Truth be told, The Trial is only partially a Franz Kafka novel. Work in earnest on the novel began for Kafka in 1914 following an intensely emotional and upsetting meeting with his fiancée and her sister. The manuscript he gave his friend Max Brod in 1920 was still not complete and never would be. Upon Kafka’s death, Brod set to the task of editing what existed into publishable form in direct opposition to the German ban on publishing Jewish literature in 1925. Over the years, attempts have been made to wrest control of the narrative from Brod’s editor’s eyes and piece it back together into something more befitting the idiosyncratic vision of Kafka.
The plot of The Trial is pure nightmare fuel. When it comes to the work of Kafka, most readers either view the idea of waking up as a bug as the most horrendous of possibilities in his literature or waking up to realize you have been put on trial without being told what crime you committed. The Trial definitely seems like something that could have come straight from the pen of Edgar Allan Poe; it’s not hard to imagine pit and the pendulum awaiting Kafka’s Josef K. after he is found guilty.
Rare is the reader who expresses doubt about the main character’s eventual conviction.

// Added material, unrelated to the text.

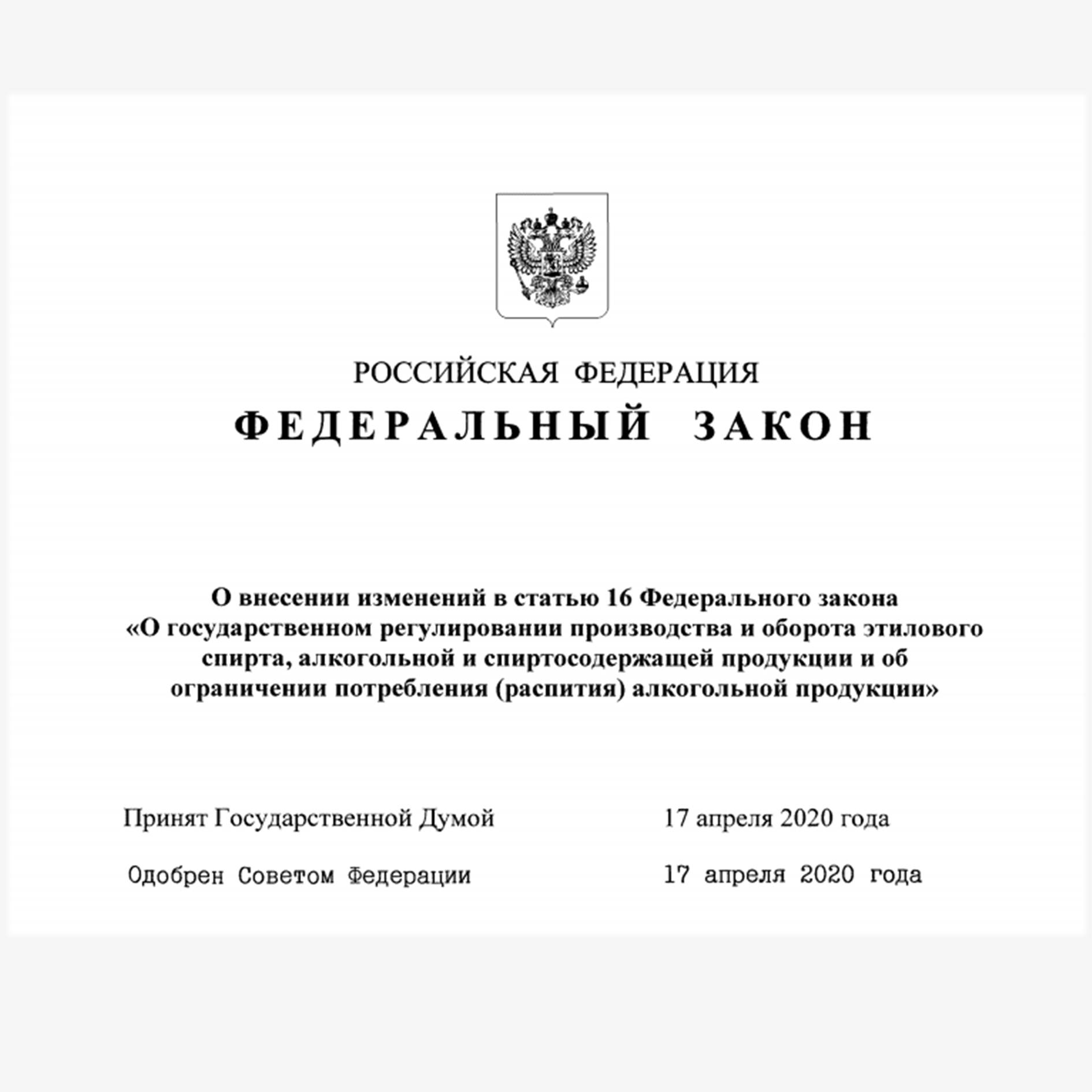 Соответствующие поправки (Федеральный закон от 24 апреля 2020 г. № 145-ФЗ) были внесены в Федеральный закон «О государственном регулировании производства и оборота этилового спирта, алкогольной и спиртосодержащей продукции». Теперь розничная продажа алкогольной продукции при оказании услуг общественного питания в объектах общественного питания, расположенных в многоквартирных домах и (или) на прилегающих к ним территориях, допускается только в случаях, если в указанных объектах общественного питания, имеется зал обслуживания посетителей общей площадью не менее 20 квадратных метров.

Part of the paranoid nightmarish quality of the book is that is plain the outcome has been foretold before the beginning even starts. Room for debate does exist on the question of whether Josef K. is actually guilty or not, however. Steadfastly in the corner of those who are convinced beyond a reasonable doubt of the guilt of Kafka’s protagonist is filmmaker Orson Welles. The position of Welles on this subject becomes more important than most in light of the fact he directed a film adaptation in 1962. The Trial was also adapted into a film in 1993, several stage plays, a handful of radio dramas, and numerous homages, parodies, and unofficial loosely interpreted films and TV episodes.